Simplicité fiscale

Je discutais récemment avec un nouvel ami de la complexité de l’impôt. Nous évoquions à la fois les entreprises qui en font un modèle d’affaires et qui engagent des lobbyistes pour s’assurer que l’impôt ne soit pas plus simple ou plus clair (1, 2, 3). Nous partagions l’intuition qu’il y avait quelque chose de problématique tans le fait que l’impôt soit si complexe qu’il soit difficile d’avoir un débat public clair et constructif à son sujet sans avoir à se référer à des experts.

En revenant de cette discussion, j’ai pensé à ce billet que j’avais récemment publié concernant le républicanisme scandinave. J’y avais noté que la transparence était pour les républicains scandinaves une condition importante de la liberté. Je ne l’avais pas noté dans mon résumé de l’article de Nilsen, mais il faut savoir que la transparence est l’une des trois conditions qu’identifie Pettit dans son livre On the People’s Terms pour définir ce qu’est une politique légitime (donc non dominatrice) d’une décision qui ne l’est pas (donc dominatrice). Pour lui, la transparence est une condition nécessaire, car elle permet d’ouvrir les décisions publiques à la contestation, pour pouvoir savoir si cette décision publique particulière participe à dominer un individu ou un groupe. Sans transparence, il est beaucoup plus difficile d’imaginer une contestation efficace qui puisse réellement lutter contre les sources de la domination. L’insistance des républicains scandinaves pour la transparence est donc profondément républicaine au sens où elle participe d’un mouvement d’appropriation des conditions de la liberté.

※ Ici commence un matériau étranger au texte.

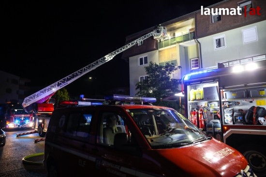 Feuerwehr, Rettungsdienst und Polizei standen in der Nacht auf Samstag bei einem Küchenbrand in einer Wohnanlage in Wels-Vogelweide im Einsatz.

L’impôt est de nos jours particulièrement complexe. Cette complexité a une origine dont l’histoire serait à faire et dont les détails vont dans de multiples directions. Il y a les groupes qui en tirent profit, mais aussi politiques publiques électoralistes tout aussi bien que les projets de redistributions. Cependant, d’une perspective républicaine, il est clair qu’il est nécessaire de lutter contre une politique dont l’idéal est noble (contribuer à financer des programmes et des services publics), mais dont la pratique rend de plus en plus possible la domination. Certes, il faut redistribuer et offrir des services publics aux citoyens et citoyennes. Cela participe à la liberté républicaine, mais il convient aussi que les mécanismes pour financer ces services soient transparents, impartiaux et contestables.

Bibliographie

Pettit, Philip, On the People’s Terms: A Republican Theory and Model of Democracy, Cambridge University Press, 2012.

Nilsen, Håvard Friis, « Republican Monarchy: The Neo-Roman Concept of Liberty and the Norwegian Constitution of 1814 », Modern Intellectual History, juin 2017, pp. 1‑28.